**What is required**
An exact copy of the data is needed, but without any of its images.
-- Given entries follows --
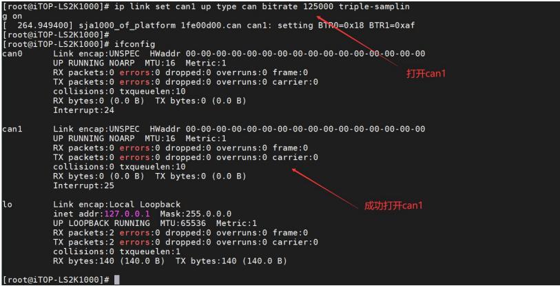 开发板上的两路 CAN 默认是关闭的, 我们在调试串口终端输入“ip link set can0 up type can bitrate
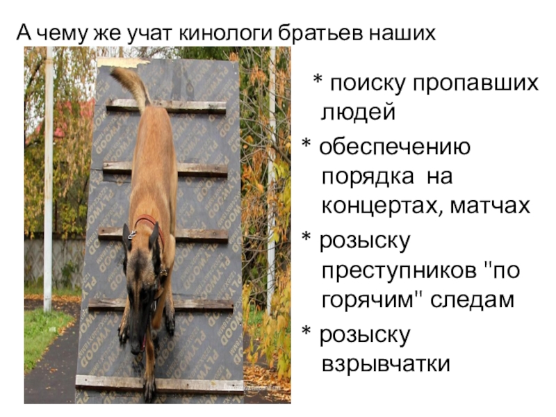 А чему же учат кинологи братьев наших меньших? * поиску пропавших людей* обеспечению порядка на концертах, матчах*
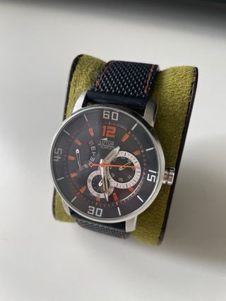 Reloj de acero Lotus, con movimiento de cuarzo analógico, multifunción, calendario. Caja de acero redonda. Esfera negra con números naranjas. Pulsera de silicona negra con pespuntes naranja. W.R. 50m
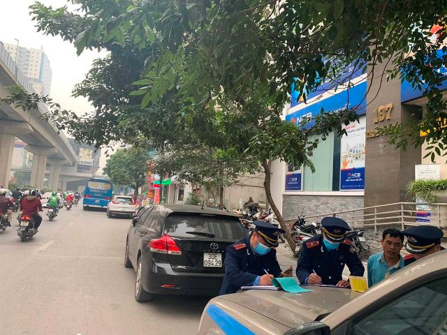 Lực lượng chức năng xử phạt vi phạm trên trục Khuất Duy Tiến - Nguyễn Trãi - Đại lộ Thăng Long
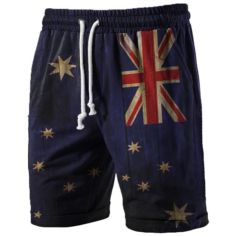 Miesten Amerikan lipun printillä varustetut naru- ja taskulliset elastiset vyötäröshortsit
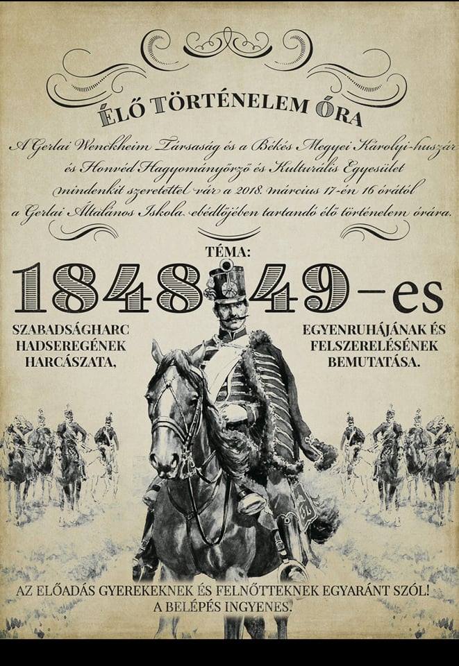 A részleteket lásd a csatolt plakáton. Dátum: szombat, 2018, március 17 - 16:00 Címkék Békés Vármegyei Károlyi-huszár és Honvéd Hagyományőrző és Kulturális Egyesület1848-49-es szabadságharcGerla
-- Given entries concluded --
**Answer box**
 开发板上的两路 CAN 默认是关闭的, 我们在调试串口终端输入“ip link set can0 up type can bitrate
 А чему же учат кинологи братьев наших меньших? * поиску пропавших людей* обеспечению порядка на концертах, матчах*
 Reloj de acero Lotus, con movimiento de cuarzo analógico, multifunción, calendario. Caja de acero redonda. Esfera negra con números naranjas. Pulsera de silicona negra con pespuntes naranja. W.R. 50m
 Lực lượng chức năng xử phạt vi phạm trên trục Khuất Duy Tiến - Nguyễn Trãi - Đại lộ Thăng Long
 Miesten Amerikan lipun printillä varustetut naru- ja taskulliset elastiset vyötäröshortsit
 A részleteket lásd a csatolt plakáton. Dátum: szombat, 2018, március 17 - 16:00 Címkék Békés Vármegyei Károlyi-huszár és Honvéd Hagyományőrző és Kulturális Egyesület1848-49-es szabadságharcGerla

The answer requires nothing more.